Austrian export drama continues

"Austria withdraws from the cheap market segment", was the title of the official answer, which the Austrian Wine Marketing dedicated, some weeks ago, to the critical reports in which Mario Scheuermann and myself had examinated, for nearly a year, the Austrian export statistics. At this moment, given the latest numbers, it looks like if Austria was, unvoluntarily perhaps, not only withdrawing from the cheap market segment but from the German market altogether.

In fact, if you look at the updated numbers published in the German Destatis database - they are much more precise than the numbers the Austrians give themselves, a fact which has implicitely recognized by the Austrian Wine Marketing in the above mentioned article - the impression is rather sobering.

In the category "wine produced from fresh wine grapes" the Austrian exports in direction of Germany went down from 649,000 hl between January and March 2011 - a year which itself had already been a desaster, as the exports to Germany had been halved compared with 2010 - to only 587,000 hl. Whilst the bulk export which had lost dramatically in the last two years, showed relatively stable and, in March, could even grow from 24,000 to 42,000 hl compared with 2011, the export of bottled wine, the Austrian's core business, was hit much more severely. From 500,000 in 2011 it shrank to 448,000 hl - a loss of 10.4 % - during January and March and, if you only look at the month of March, traditionally one of the stronger months of the Austrian's export year, volumes went down by not less than 33 % on a year-to-year base. This, on what used to be the most important Austrian export market, which absorbed two thirds of the whole export volume.

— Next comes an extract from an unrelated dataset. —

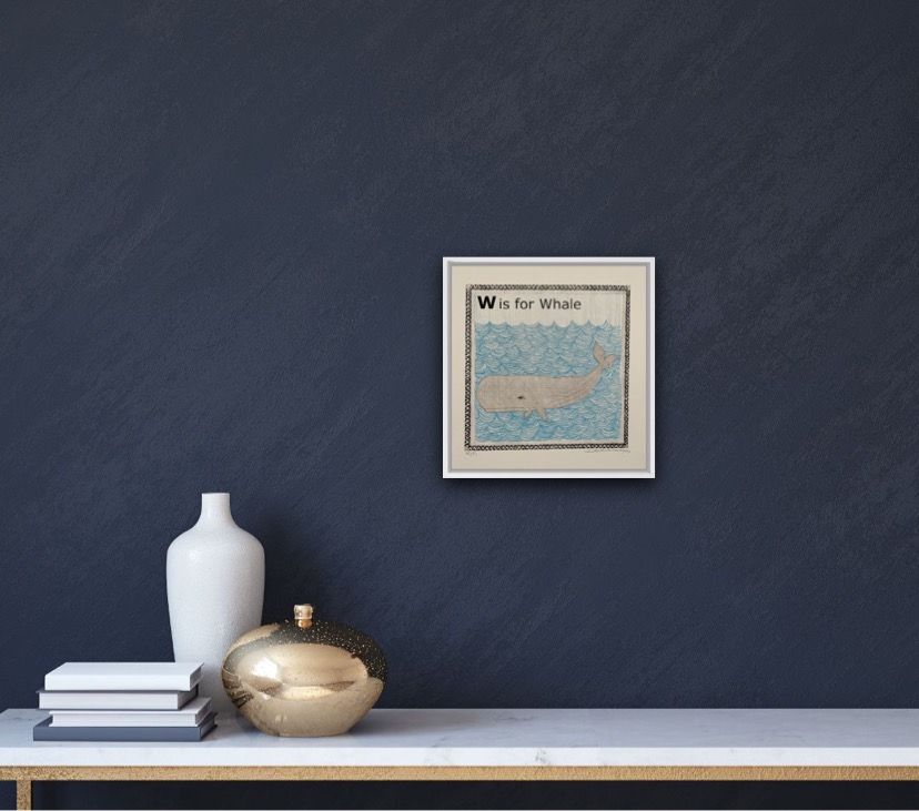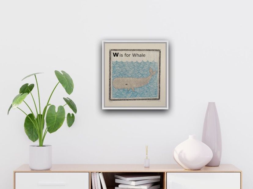 Clare Halifax W is for Whale (small) Limited Edition 3 Colour Silkscreen Print Edition of 75 Image size H 22 x W 22cm Sheet Size: H 27 x W 25cm x D 0.1cm Sold Unframed Please note that in situ images are purely an indication of how a piece may look. The process involved in producing a print

On the value side, the trend in the first three months of 2012 was less dramatical, and the moderate loss even lead to a rise of the relative price per litre which went up from 1.93 to 2.11 EUR (bottled wines from 2.18 to 2.41 EUR). Then again, the month of march showed a desastrous picture with a loss of 29 % against 2011. Useless to say that the bottled exports once used to be one of the strongholds of Austrian value creation in the wine business.

If, in Vienna, even now the alarm bells do not start to ring for some people, then we should not be too astonished if, sooner or later, the Austrian wine industry will have to declare a state of emergency tout court. The hope, forwarded by some, that the upcoming VieVinum show could bring some hope and relief seems somewhat unrealistic. The numbers of past years, in fact, do not show any evidence of sales gowing better after the show, if you compare them with years without the VieVinum.